--- Dataset section Enclosed Below ---

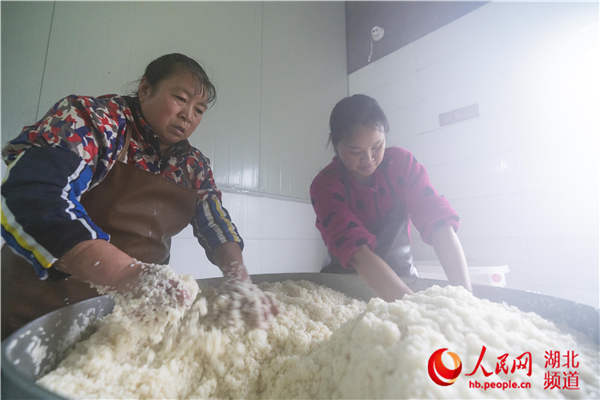 Die Brennerei „Sanwanbuguogang“, was übersetzt in etwas „betrunken durch drei Schüsseln Reiswein“ bedeutet, ist die erste Brennerei in Fangxian. Die Verantwortliche Xian Yan erklärt: „Mein Vater hat diese Brennerei gegründet und seitdem sind schon fast 30 Jahre vergangen. Am Anfang konnten wir jährlich nur hunderte Liter Reiswein brennen, aber heute sind es schon mehr als hunderttausend Liter. Dadurch erreichen wir einen jährlichen Produktionswert in Höhe von Millionen Yuan.“
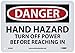 - Header "DANGER" and Legend "HAND HAZARD TURN OFF POWER BEFORE REACHING IN"
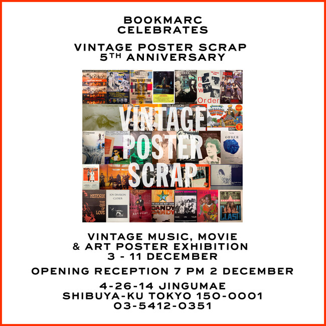 ニューヨーク発ファッションブランド「マーク ジェイコブス」が手掛けるブックストア「BOOKMARC(ブックマーク)」にて、音楽プロデューサー/アーティストの井出靖氏が収集してきたレア・ヴィンテージ・ポスターの展示販売を行います。井出氏のポスターコレクション約500枚を収めた「VINTAGE POSTER SCRAP」は、2017年発売以降、日本のみならず欧州と北米でもロング・セラーを続けている話題の書籍です。今回はその5周年となる待望のポスター展となります。前日の夜12/2(金)にプレビューを開催。ゲストDJに高木完氏を迎えたオープニング・レセプションとなります。皆様のご来店をお待ちしております。

--- End of Enclosed Dataset section ---

▸ Problem statement
All lines above must be repeated exactly, and the pictures must be omitted.

▸ Written answer
 Die Brennerei „Sanwanbuguogang“, was übersetzt in etwas „betrunken durch drei Schüsseln Reiswein“ bedeutet, ist die erste Brennerei in Fangxian. Die Verantwortliche Xian Yan erklärt: „Mein Vater hat diese Brennerei gegründet und seitdem sind schon fast 30 Jahre vergangen. Am Anfang konnten wir jährlich nur hunderte Liter Reiswein brennen, aber heute sind es schon mehr als hunderttausend Liter. Dadurch erreichen wir einen jährlichen Produktionswert in Höhe von Millionen Yuan.“
 - Header "DANGER" and Legend "HAND HAZARD TURN OFF POWER BEFORE REACHING IN"
 ニューヨーク発ファッションブランド「マーク ジェイコブス」が手掛けるブックストア「BOOKMARC(ブックマーク)」にて、音楽プロデューサー/アーティストの井出靖氏が収集してきたレア・ヴィンテージ・ポスターの展示販売を行います。井出氏のポスターコレクション約500枚を収めた「VINTAGE POSTER SCRAP」は、2017年発売以降、日本のみならず欧州と北米でもロング・セラーを続けている話題の書籍です。今回はその5周年となる待望のポスター展となります。前日の夜12/2(金)にプレビューを開催。ゲストDJに高木完氏を迎えたオープニング・レセプションとなります。皆様のご来店をお待ちしております。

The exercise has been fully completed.